As far as the consolidation votes, typically the reason they have failed has to do with the function of law enforcement. The last consolidation effort would have gotten rid of the sheriff's office and made TPD in charge of enforcing the whole county. This was not a popular move, because the sheriff's office has always been viewed more favorably by residents, due to their professionalism and courtesy, something TPD often lacks. If you ever dealt with both, you would probably agree. However, the police department is unionized, which makes it difficult to get rid of since the LCSO is not.

Tallahassee has made great strides in downtown, but has problems similar to other areas. Downtown is not really a sustainable place to live as of yet. One still has to get in a car and leave downtown if they wish to buy groceries or shop. There are a few bars downtown, but nightlife is for the most part limited.

Let me know if you guys have any additional questions and I will be happy to answer them.
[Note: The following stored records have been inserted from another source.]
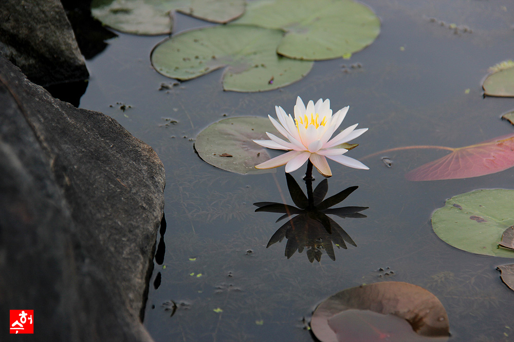 다소곳,우아한 수련의 자태를 반영의 모습과 함께 잘 담아내셨습니다.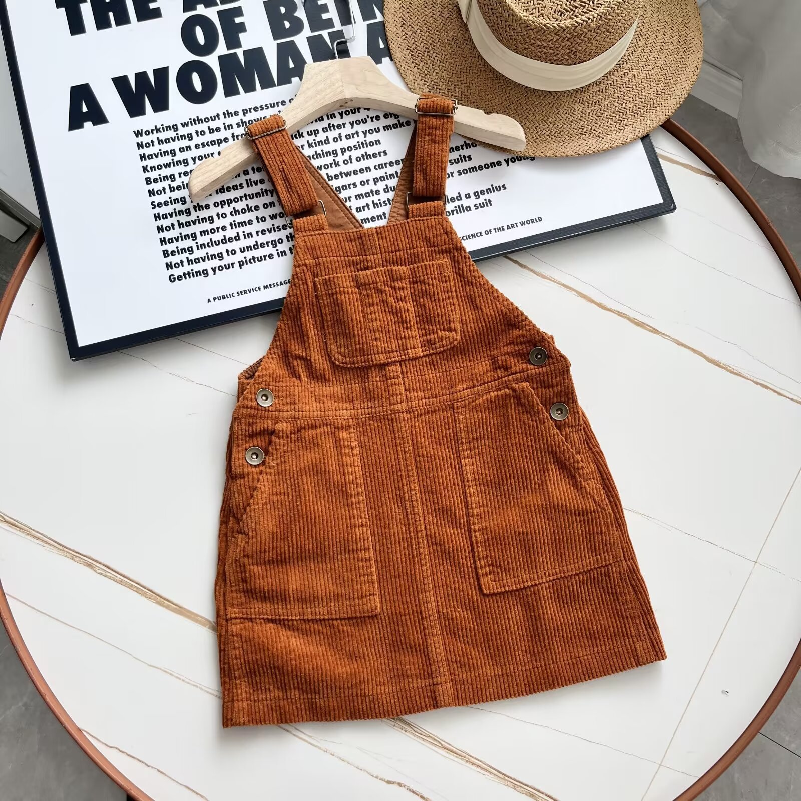 24 봄과 가을 새로운 소녀/소녀 바오마 어깨 끈 조절 가능한 가족 원피스 코듀로이 스트랩 스커트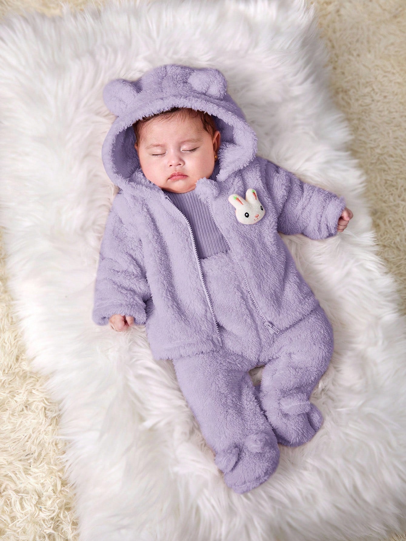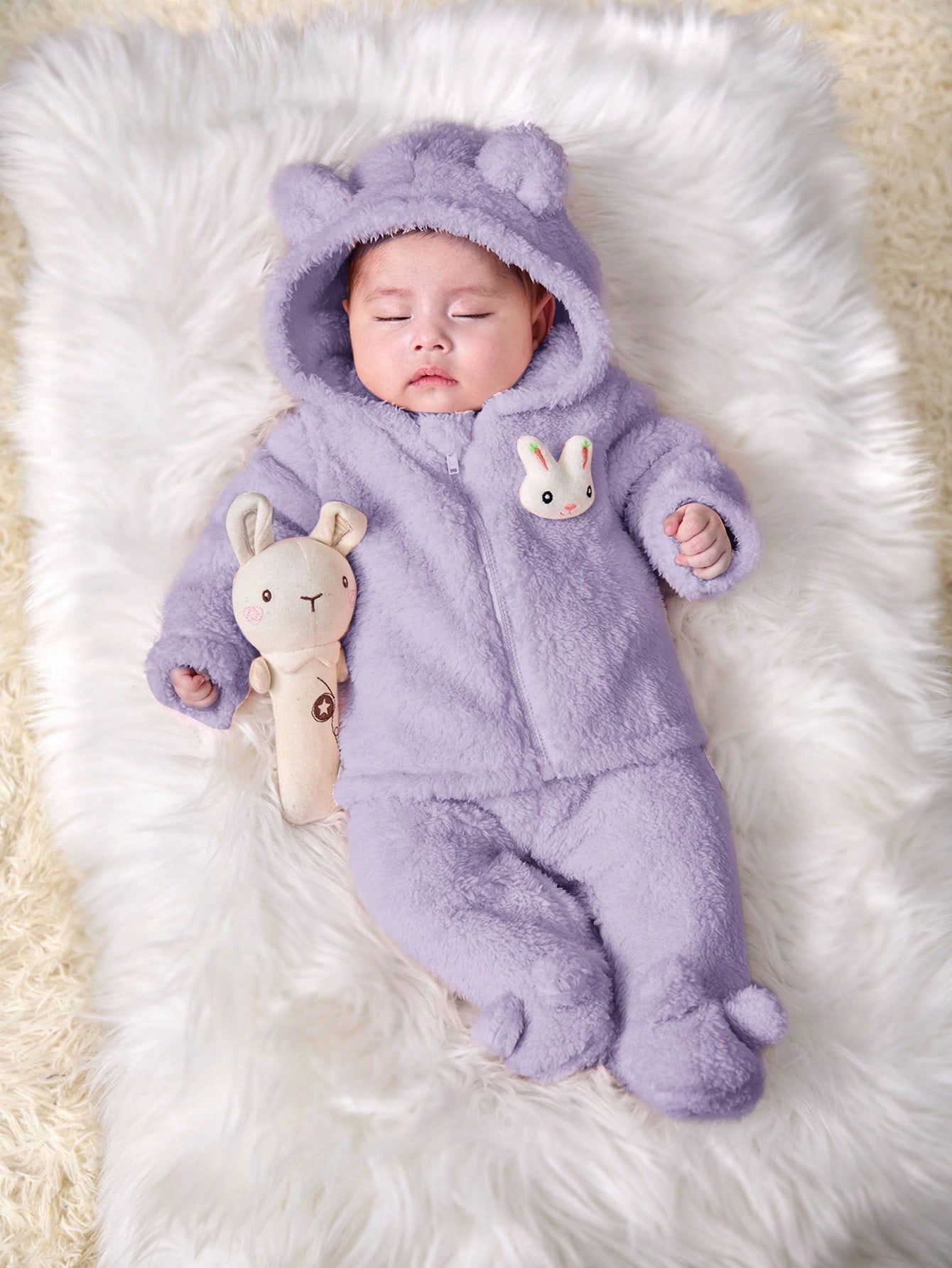 Newborn Baby Girl Cute Pink Fluffy Cartoon Pattern Hooded Jacket And Elastic Waist Pants Set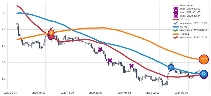 下跌趋势2020-09-04-2021-03-19,均线120, 60, 30确认关键阻力2处

I am pretty well versed on the history of Tally.


November 15, 2008, 03:37:53 AM
So which is the true "Berkeley of the South?" It can't be both Nole and Gator country...

If we're talkin football, FSU can be Berkeley and we'll (UF) be USC  ;D


November 18, 2008, 09:57:31 PM
Check out the new


November 28, 2009, 08:44:12 AM
Forgot about Railroad Square.


November 28, 2009, 09:23:10 AM
I checked out the website and really love the projects section.  It is a quick and easy way to see what is currently happening in the city.  I've never been to Tallahasee, but seeing the projects underway creates a positive image of the city as a whole. 

This might be something we want to do on MetroJacksonville as it would be an easier way to view whats currently being constructed or renovated in the urban core.  A map similar to what has would also be a good idea to show projects in development.  They only focus on the big projects though, not the small businesses or smaller residential developments.  I think the smaller projects need to be included as well.


November 28, 2009, 02:17:27 PM
Imagine if UNF was closer to the urban core.  :'(
Am I wrong to suggest that UNF is a campus built around the automobile?


March 07, 2011, 09:06:44 PM
Those pictures taken inside the SOA were taken while I was there. Specifically the two maps of San Francisco was the project my studio was working on at the time. In fact, I think I might have been the one that scaled and printed those maps for everybody else.